- _What you are asked to do_: Since only part of the material below is wanted, output exactly the lines from the one with "Crimson and White" up to and including the one with "12 x DAS Event".

- _Supplied material_:
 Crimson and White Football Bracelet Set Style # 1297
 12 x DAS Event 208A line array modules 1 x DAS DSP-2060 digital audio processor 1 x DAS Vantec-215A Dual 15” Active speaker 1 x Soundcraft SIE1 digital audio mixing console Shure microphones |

--

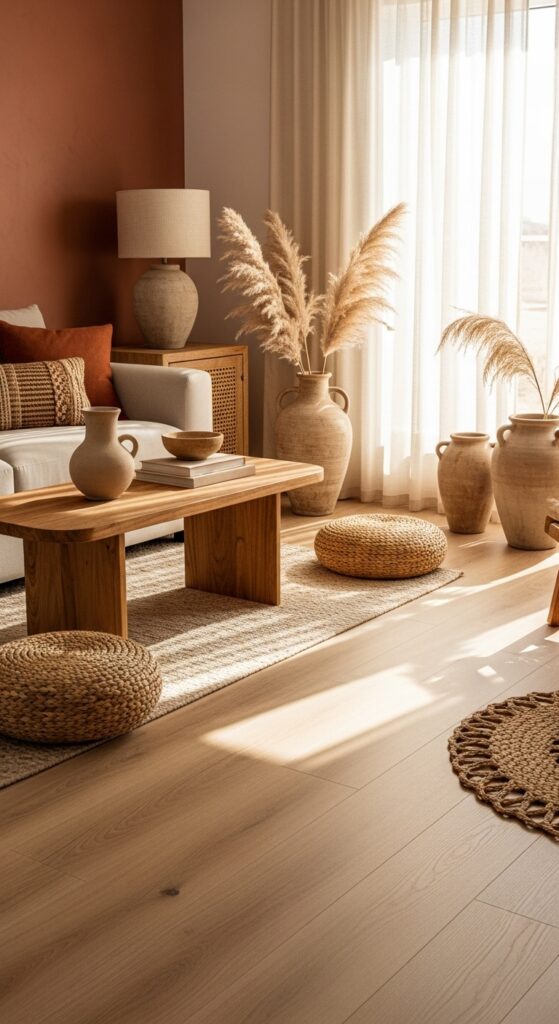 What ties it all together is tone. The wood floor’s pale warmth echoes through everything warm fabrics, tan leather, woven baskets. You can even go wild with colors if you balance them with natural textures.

- _Solution for this task_:
 Crimson and White Football Bracelet Set Style # 1297
 12 x DAS Event 208A line array modules 1 x DAS DSP-2060 digital audio processor 1 x DAS Vantec-215A Dual 15” Active speaker 1 x Soundcraft SIE1 digital audio mixing console Shure microphones |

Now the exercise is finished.